Activity:
Once the images are set aside, output the listing exactly as it stands.

Supplied records:
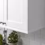 Можно использовать как декоративный карниз под навесными шкафами, чтобы спрятать подсветку, провода и розетки, а также установить на верхний край навесных и высоких шкафов.
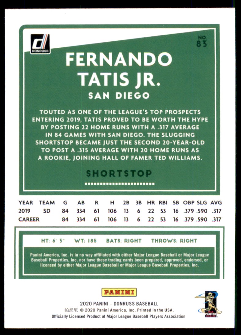 | 2020 Donruss Holo Pink Fernando Tatis Jr. San Diego Padres #83 | ||||||||||||||||
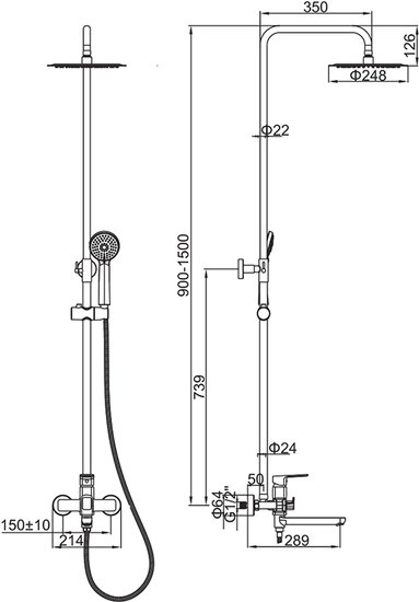 | Диаметр (ширина) верхнего душа | 248 мм |
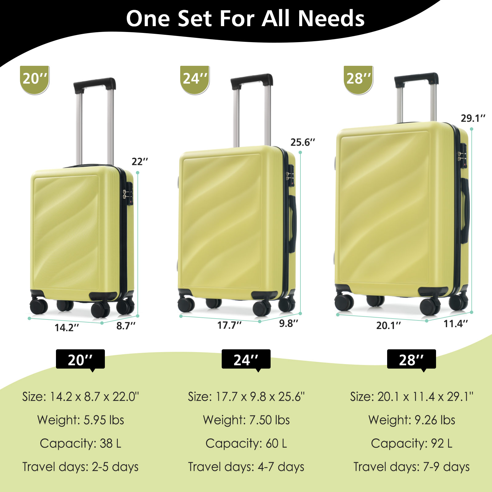 Product Name:Luggage Set 3 Piece, Lightweight Durable ABS Suitcases with Spinner Wheels and TSA Lock, Carry-on & Checked Travel Luggage (20"/24"/28")
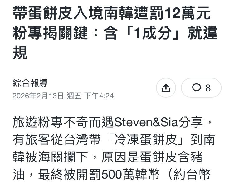 → hantulee: 跨國旅遊,食物類最好都別帶... 39.15.25.114 02/16 09:28
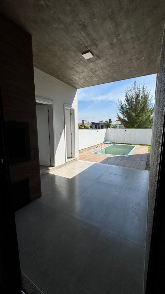 Linda casa de três dormitórios, sendo uma suíte, sala de estar e jantar integradas, lavanderia, piscina, área gourmet com churrasqueira e garagem para três carros.
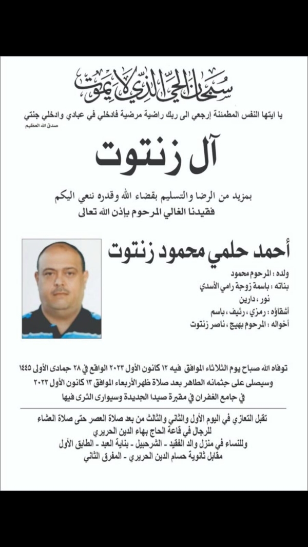 شكر وعرفان لكل من شارك في عزاء والدة القاضي زاهر حمادة
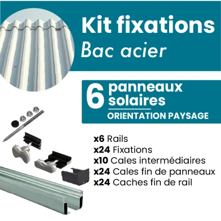 Ce kit a spécialement été conçu pour fixer jusqu'à 6 panneaux solaires sur une toiture bac acier ou en tôle. Il permettra une attache sûre et solide de vos panneaux sur votre toit.
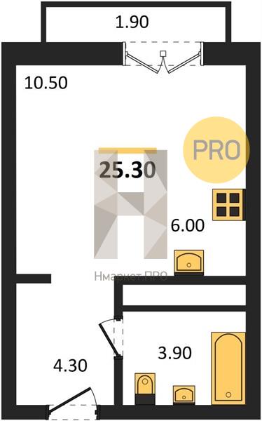 | Общая площадь: | 25.30 м2 |
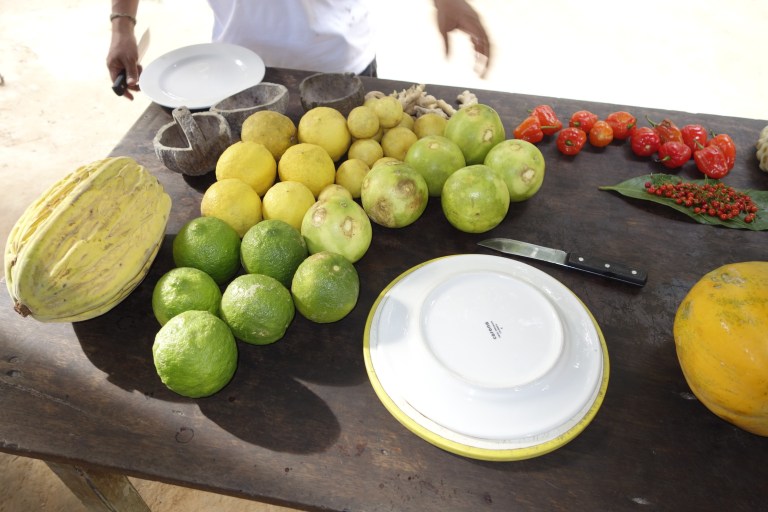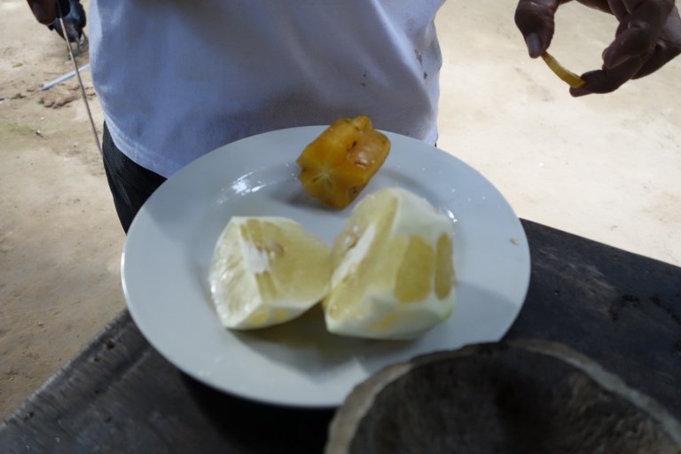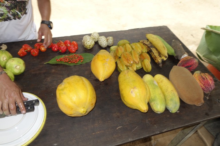 First Hugo shows and explains us the different fruits they grow, then we taste them.

Answer below:
 Можно использовать как декоративный карниз под навесными шкафами, чтобы спрятать подсветку, провода и розетки, а также установить на верхний край навесных и высоких шкафов.
 | 2020 Donruss Holo Pink Fernando Tatis Jr. San Diego Padres #83 | ||||||||||||||||
 | Диаметр (ширина) верхнего душа | 248 мм |
 Product Name:Luggage Set 3 Piece, Lightweight Durable ABS Suitcases with Spinner Wheels and TSA Lock, Carry-on & Checked Travel Luggage (20"/24"/28")
 → hantulee: 跨國旅遊,食物類最好都別帶... 39.15.25.114 02/16 09:28
 Linda casa de três dormitórios, sendo uma suíte, sala de estar e jantar integradas, lavanderia, piscina, área gourmet com churrasqueira e garagem para três carros.
 شكر وعرفان لكل من شارك في عزاء والدة القاضي زاهر حمادة
 Ce kit a spécialement été conçu pour fixer jusqu'à 6 panneaux solaires sur une toiture bac acier ou en tôle. Il permettra une attache sûre et solide de vos panneaux sur votre toit.
 | Общая площадь: | 25.30 м2 |
 First Hugo shows and explains us the different fruits they grow, then we taste them.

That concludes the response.